++++ DATA SHOWN ++++

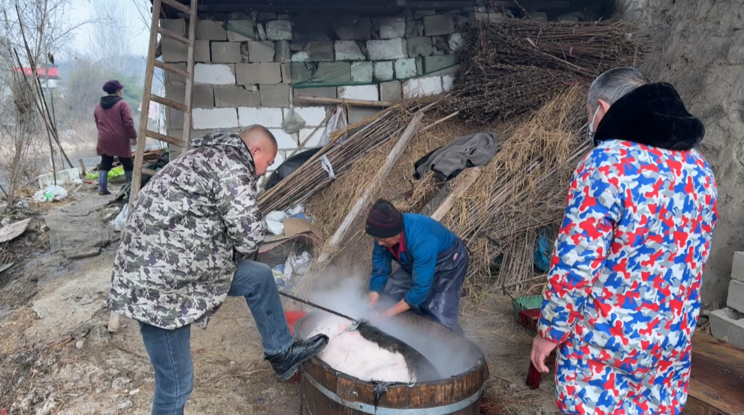 眼看马年春节越来越近,一家人商量后,决定请专业屠夫宰杀3头土猪,分给邻里、囤足年货。消息一传开,左邻右舍便主动赶来帮忙,查家的小院瞬间被热闹填满——男女老少齐上阵,搬家伙、烧热水、递工具,欢声笑语混着柴火的噼啪声,成了蕲北农村过年最动人的背景音。
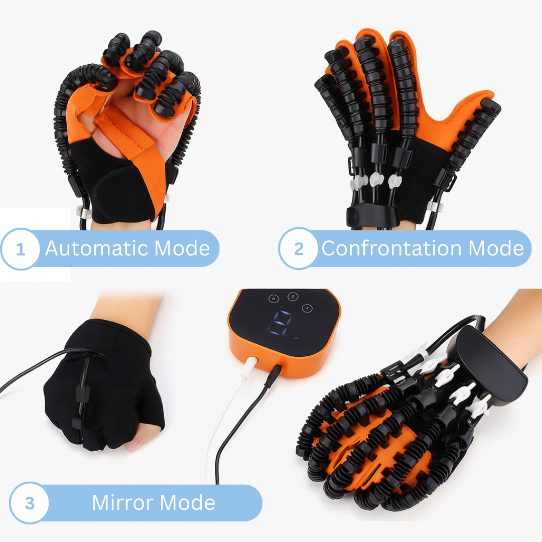 2. Confrontation Mode – the glove performs the opposite action of your hand, recommended for later-stage rehabilitation.
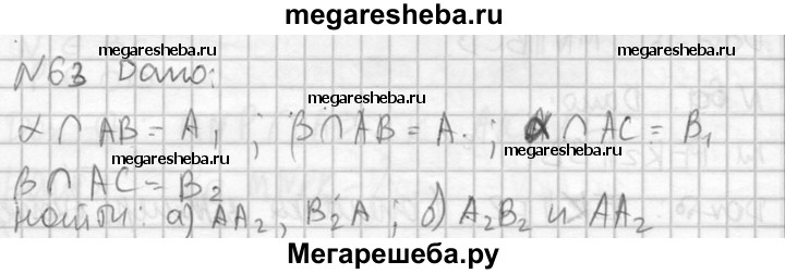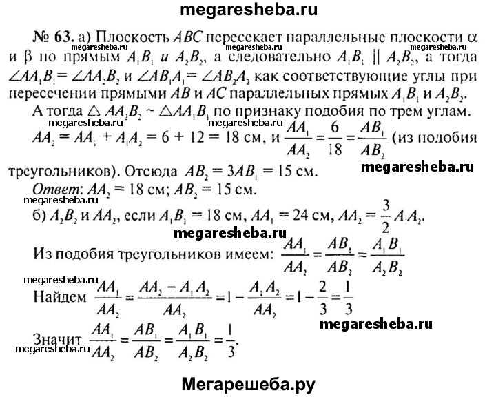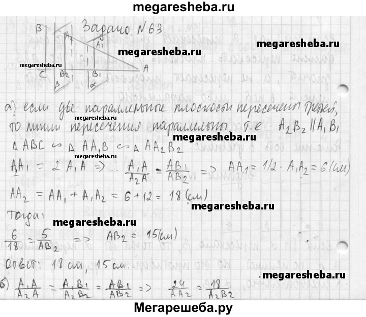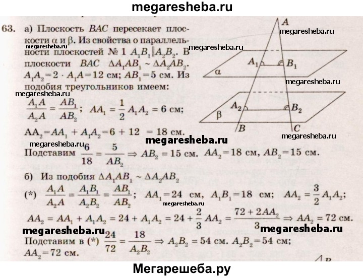 63. Параллельные плоскости α и β пересекают сторону АВ угла ВАС соответственно в точках А₁, и А₂, а сторону АС этого угла — соответственно в точках B₁ и В₂. Найдите: а) АА₁ и АВ₂, если А₁А₂ = 2А₁А = 12 см, АВ₂ = 5 см; б) А₂В₂ и АА₂, если = A₁B₁=18 см, АА₁ = 24 см , АA₂ 3/2 A₁A₂.

++++

**ABOUT THIS EXERCISE**. An exact copy of the listing is required, with every image removed.

**TASK RESPONSE**.
 眼看马年春节越来越近,一家人商量后,决定请专业屠夫宰杀3头土猪,分给邻里、囤足年货。消息一传开,左邻右舍便主动赶来帮忙,查家的小院瞬间被热闹填满——男女老少齐上阵,搬家伙、烧热水、递工具,欢声笑语混着柴火的噼啪声,成了蕲北农村过年最动人的背景音。
 2. Confrontation Mode – the glove performs the opposite action of your hand, recommended for later-stage rehabilitation.
 63. Параллельные плоскости α и β пересекают сторону АВ угла ВАС соответственно в точках А₁, и А₂, а сторону АС этого угла — соответственно в точках B₁ и В₂. Найдите: а) АА₁ и АВ₂, если А₁А₂ = 2А₁А = 12 см, АВ₂ = 5 см; б) А₂В₂ и АА₂, если = A₁B₁=18 см, АА₁ = 24 см , АA₂ 3/2 A₁A₂.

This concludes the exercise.